I've always figured that was the reason. It's immediately obvious at the call site that a borrow is happening, and that it is a mutable borrow. Otherwise, if you wanted to know, you'd need to inspect each of the function's signatures that the variable is passed to.
(Compare, perhaps, to C++ references, where it isn't apparent at the call site at all that your variable might change.)
When you use `&mut some_point`, (i.e. immutably borrow "some_point"), the compiler requires that "some_point" is not borrowed anywhere else at the same time. In order to enforce that invariant, it needs to know what borrows are mutable and what borrows are immutable.
Perhaps what you're wondering is "why can't the compiler infer when a borrow needs to be mutable instead of having the programmer specify it"? I can't say for certain what the answer to this is, but my guess is that it would be rather expensive. Consider this example (reusing the "add" function from above):
let mut foo = Point { x: 1, y: 2 };
let bar = &foo;
add(&foo, &foo);
...
// Much later
reset(bar);
Under the proposed "mutable reference inference" rules, should this compile? It's not necessarily trivial to determine this (especially if the "..." contains a lot of code), but it should not, since `bar` must a be mutable borrow to be able to pass into `reset`, which means that the borrows of `foo` to pass to `add` shouldn't be allowed. This means that the compiler would have to a rather expensive lookahead to determine whether any borrows are valid (and some people already complain that Rust compiles too slowly!). Forcing users to specify when borrows are mutable makes the compilers job much easier, not to mention the readability benefits that comes from making mutability explicit.
Borrow checking happens quite late in the compilation process. It has to, because it can't know the lifetimes of the borrows until all the functions are resolved (borrows are allowed to leave the scope of the call via requirements imposed by functions, even to the point of being required to be static). If this choice was made for technical reasons, this is not why.
Considering how seriously Rust takes explicitness in general, I strongly suspect this was done purely for readability.
If struct A implements trait S and trait T, and there are two functions
fn foo(x: &S);
fn foo(y: &T);
in scope, then the compiler needs you to disambiguate foo(&a) if a: A. This isn't a whole lot different than disambiguating the same expression if the functions are:
My best interpretation of his question was more along the lines of: why do you have to mark it as `mut` if you aren't going to change it in the function? Suddenly your function only accepts mutable pointers, not just any pointer.
Rust deliberately doesn't do interprocedural analysis, so function signatures are the ultimate source of truth. If you want to call a function that takes a `&mut` then all the rules for taking a `&mut` apply. If the function that takes a `&mut` doesn't need a `&mut`, however, then that's probably just bad API design, and is something to be avoided (I've never seen any such thing in the wild; the guideline in API design is to make your function signatures as unrestrictive as you can, and `&mut` is as restrictive as it gets).
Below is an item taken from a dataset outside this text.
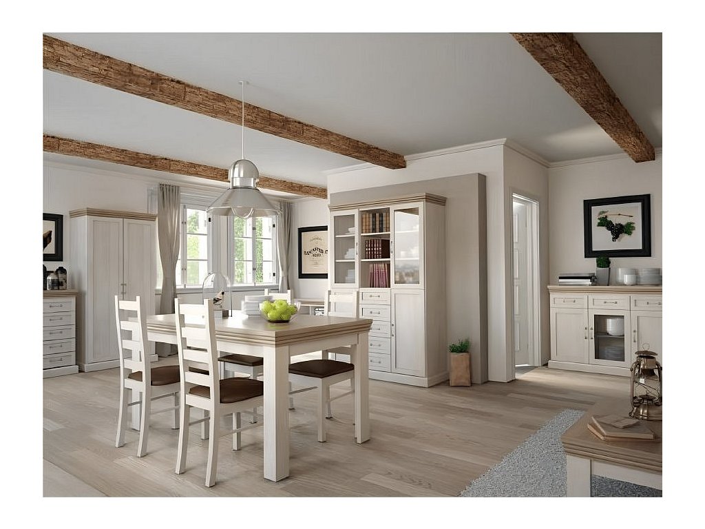 RTV stolek RN se šesti šuplíky otevřenými úložnými prostory z elegantního sektorového systému Royal v provensálském stylu. Vhodný na zařízení obývacích pokojů či ložnic. Materiál: korpus DTD laminovaná + ozdobné lišty. Barevné provedení: sosna skandinávská v kombinaci s dubem divokým. Rozměry ŠxHxV: 127x46x75 cm Tloušťka materiálu korpus: 15 mm Tloušťka materiálu vrchní desky: 22 mm Dodávané v demontu.

To me it lets me know if an object will be changed by the function or not. If it's just & I know that my object is just how I left it. If it is &mut I need to think about how it was changed.
if it's just &, the compiler knows the pointee is just how it left it[1], and it can optimize on this assumption. For example, if it had the contents in a register before the call, it knows they're still valid after the call. This is the same sort of thing "restrict" gives you in C, but unlike "restrict", using & is idiomatic and the compiler will spot mistakes.
If it's &mut, those assumptions aren't valid.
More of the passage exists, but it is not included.